Multimodal Class-aware Semantic Enhancement Network for Audio-Visual Video Parsing
Pengcheng Zhao, Jinxing Zhou, Yang Zhao, Dan Guo, Yanxiang Chen
TL;DR
This work tackles Audio-Visual Video Parsing (AVVP) by addressing semantic interference that arises when intra- and cross-modal interactions operate on semantically mixed holistic features. It introduces MM-CSE, a two-stage framework comprising Class-Aware Feature Decoupling (CAFD) and Fine-Grained Semantic Enhancement (FGSE). CAFD disentangles segment features into $K$ event-specific plus a background class, guided by reconstruction and orthogonality losses and enhanced by dynamic background fusion. FGSE then models inter-class co-occurrence within a timestamp (SECM) and fuses local segments with informative global context (LGSF), applied in both intra- and cross-modality settings and optimized with a suite of losses, including a novel event co-occurrence loss.
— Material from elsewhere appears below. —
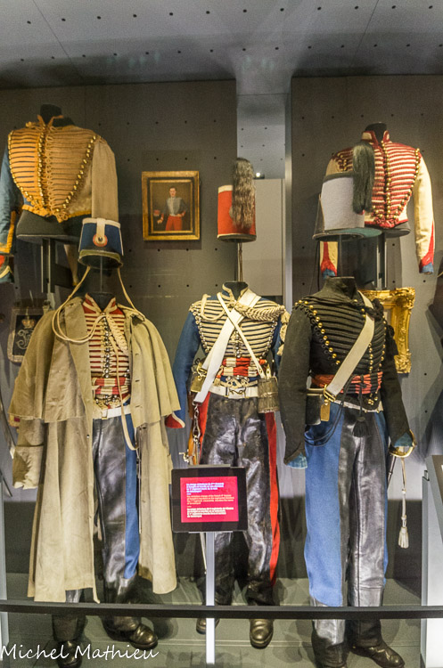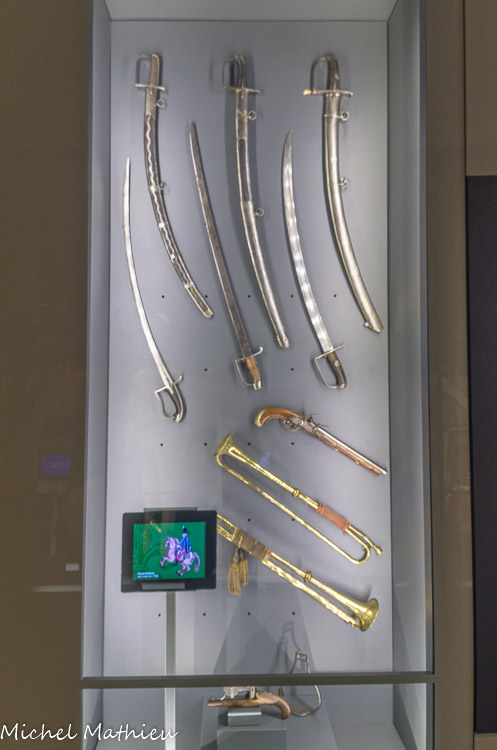 Dolmans. Contre le mur, des sabres et des sabretaches. Une sabretache est une sacoche. Elle était déjà en usage du temps des premiers hussards qui vinrent de Hongrie en France, au XVIIe siècle. Au départ, il s'agissait d'un sac destiné à transporter de petits objets, voire un peu de nourriture. Elle s'orna ensuite de symboles, royaux ou impériaux selon les pays, puis de numéros, correspondant en général à celui du régiment (France revolutionnaire puis Empire).
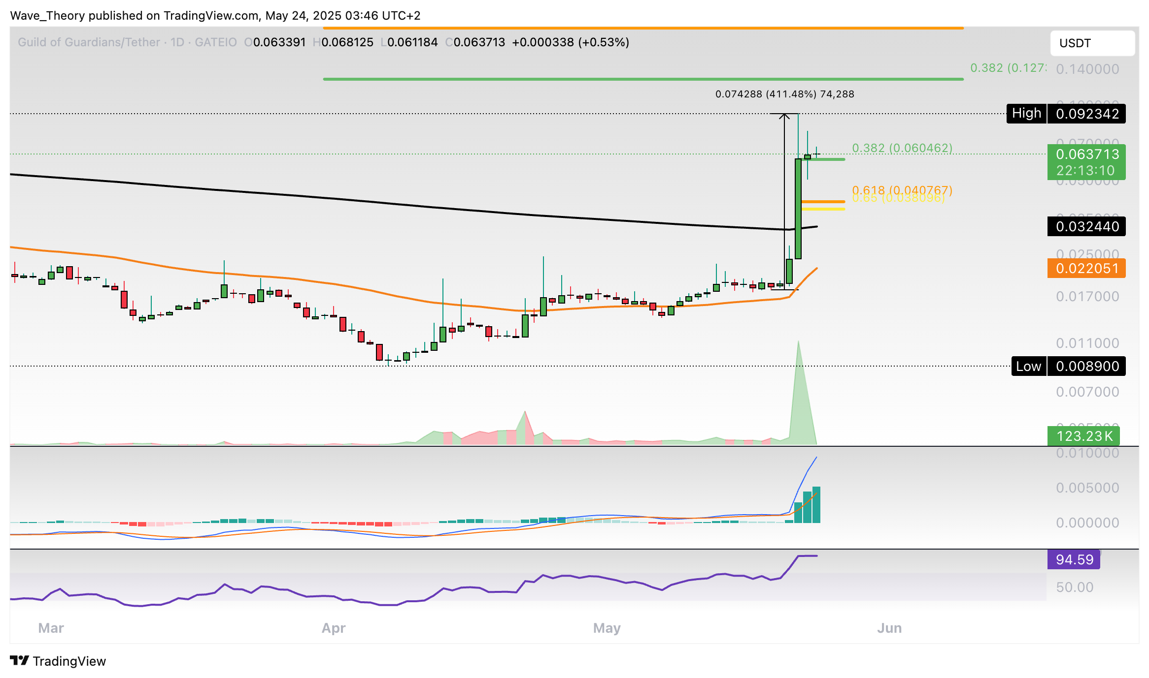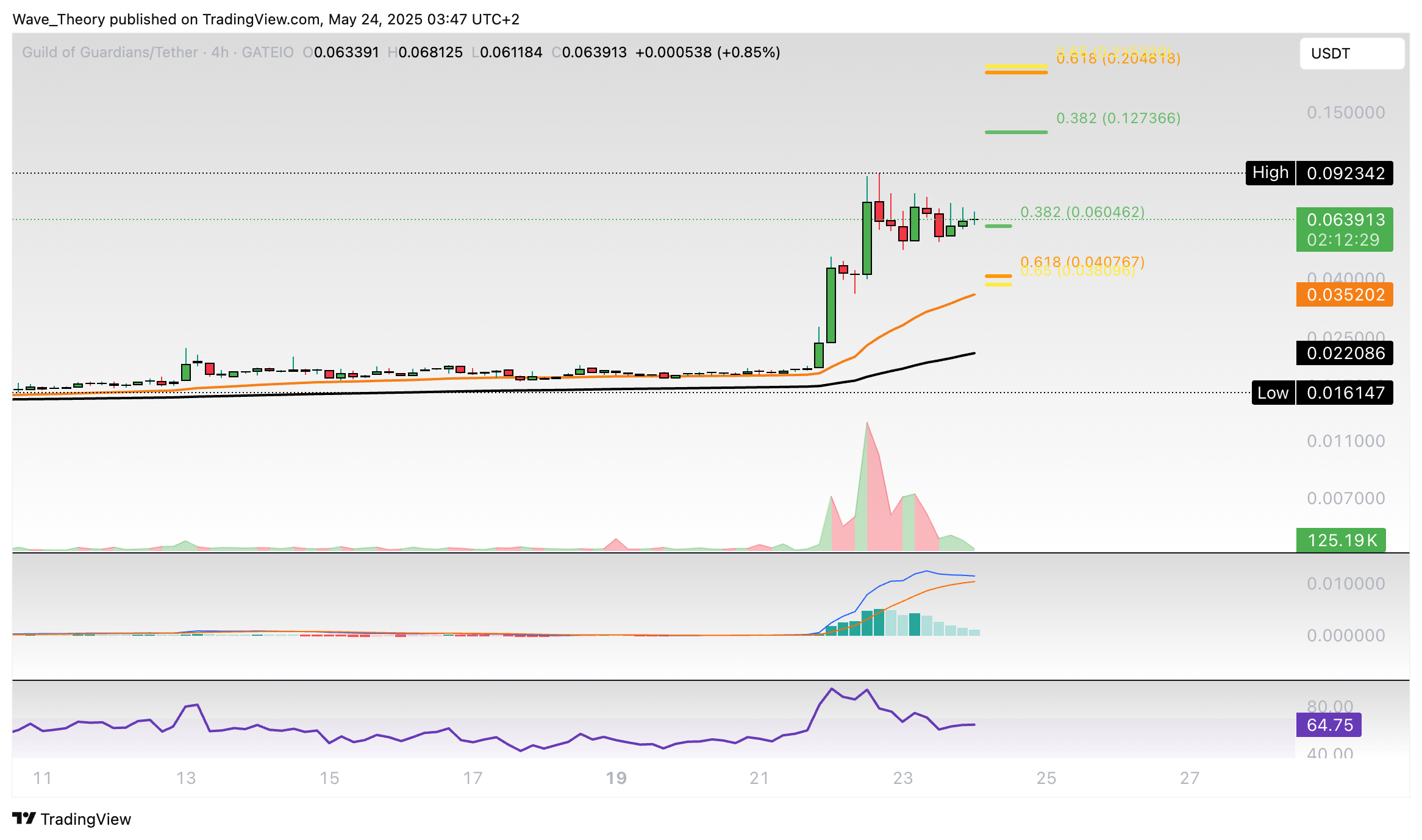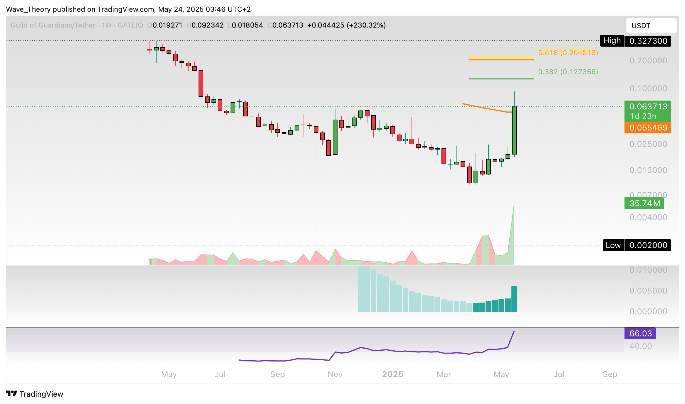 Wenn der Kurs jetzt den 50-Wochen-EMA bei rund 0,055 USD bricht, könnte er die Fib Widerstände bei rund 0,127 USD respektive 0,2 USD anvisieren.

Across LLP, MM-CSE achieves state-of-the-art AVVP performance, demonstrates interpretable decoupled class-wise representations, and reveals meaningful event co-occurrence patterns, offering a principled path to robust multimodal event parsing with practical applicability in video understanding tasks.
Abstract
The Audio-Visual Video Parsing task aims to recognize and temporally localize all events occurring in either the audio or visual stream, or both. Capturing accurate event semantics for each audio/visual segment is vital. Prior works directly utilize the extracted holistic audio and visual features for intra- and cross-modal temporal interactions. However, each segment may contain multiple events, resulting in semantically mixed holistic features that can lead to semantic interference during intra- or cross-modal interactions: the event semantics of one segment may incorporate semantics of unrelated events from other segments. To address this issue, our method begins with a Class-Aware Feature Decoupling (CAFD) module, which explicitly decouples the semantically mixed features into distinct class-wise features, including multiple event-specific features and a dedicated background feature. The decoupled class-wise features enable our model to selectively aggregate useful semantics for each segment from clearly matched classes contained in other segments, preventing semantic interference from irrelevant classes. Specifically, we further design a Fine-Grained Semantic Enhancement module for encoding intra- and cross-modal relations. It comprises a Segment-wise Event Co-occurrence Modeling (SECM) block and a Local-Global Semantic Fusion (LGSF) block. The SECM exploits inter-class dependencies of concurrent events within the same timestamp with the aid of a new event co-occurrence loss. The LGSF further enhances the event semantics of each segment by incorporating relevant semantics from more informative global video features. Extensive experiments validate the effectiveness of the proposed modules and loss functions, resulting in a new state-of-the-art parsing performance.